Wiceminister poinformował też, że obecnie Polska prowadzi dialog techniczny z Komisją Europejską.

"Doprecyzowujemy szczegóły zapisane w KPO, zwłaszcza w kontekście kamieni milowych, wskaźników oraz ich rozkładu w czasie, sposobu szacowania kosztów itp. Jeśli w wyniku tych ustaleń będzie potrzeba modyfikacji KPO, to takie zmiany zostaną wprowadzone" - stwierdził Buda.

Dodał, że dialog techniczny prowadzi wiele państw i te państwa również uszczegółowiają i dostosowują swoje KPO.

"Wiemy też, że nie wszystkie kraje złożyły swoje plany do KE" – stwierdził wiceszef resortu funduszy i polityki regionalnej.

Wiceminister Buda podkreślił, że po zaakceptowaniu planów poszczególnych państw przez Komisję Europejską, będą one jeszcze zatwierdzane przez Radę Unii Europejskiej.

"Dopiero po decyzji wykonawczej Rady może nastąpić wypłata zaliczek, których wysokość może osiągnąć 13 proc. środków przeznaczonych na realizację KPO” – powiedział Buda.
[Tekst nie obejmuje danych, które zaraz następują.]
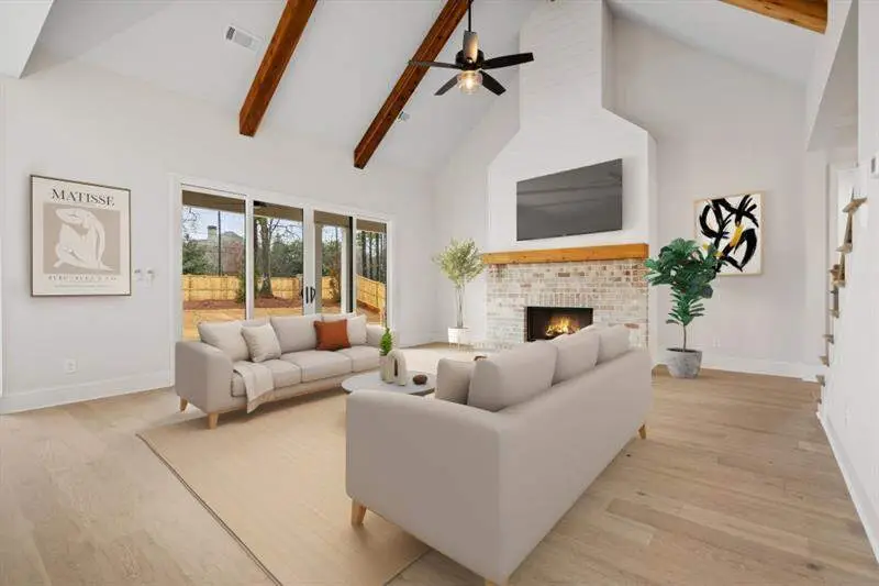 What an amazing opportunity to own this newly built, move-in ready home in Lassiter Cove for a fabulous price! Thoughtfully developed by Cotton States Properties, this four-sided brick home combines functionality and elegance, designed for both daily living and effortless entertaining. An expansive open floor plan featuring a gourmet kitchen with a stunning island overlooking the family room and outdoor kitchen-perfect for hosting gatherings. The spacious primary suite is a true retreat, showcasing a spa-inspired bathroom with a zero-entry, oversized shower. Additionally, the main level offers a secondary ensuite bedroom, ideal for guests or multigenerational living. Upstairs, you will find three additional bedrooms, two full baths (one is jack and jill) and a spacious loft, providing flexible space for a media room, playroom, or home office. This home also offers, ideal outdoor living with a fully fenced, private, flat backyard-perfectly poised and ready for a future pool; two additional covered patios, one with an outdoor kitchen with grill, refrigerator, sink and storage and one right off the great room with expansive luxury sliding glass doors. Designer details include cedar beams, shiplap accents, gorgeous woodwork, and a striking brick fireplace, wood blinds, custom closets, adding warmth and character throughout. This home delivers a move-in ready lifestyle in one of the area's most desirable communities, just moments from top schools, parks, and shopping.

Jak wskazuje resort funduszy i polityki regionalnej, równolegle do rządowych prac nad KPO, w polskim parlamencie toczył się proces ratyfikacji unijnej decyzji o zasobach własnych UE. Ta decyzja musi być ratyfikowana przez wszystkie stolice żeby uruchomić pieniądze na Fundusz Odbudowy i cały budżet UE.

"Polsce zależy na jak najszybszym uruchomieniu pieniędzy europejskich. Dobrze, że w czwartkowym głosowaniu udało się przyjąć ustawę ratyfikacyjną. Przedłużające się prace w Senacie mogłyby skutkować opóźnieniami dla całej UE" - podkreślił wiceminister.

KPO to dokument, który musi przygotować każde państwo, żeby skorzystać z Europejskiego Funduszu Obudowy, który ma pomóc odbudować gospodarkę unijną po pandemii koronawirusa. Z Funduszu Odbudowy Polska będzie miała do dyspozycji około 58 mld euro.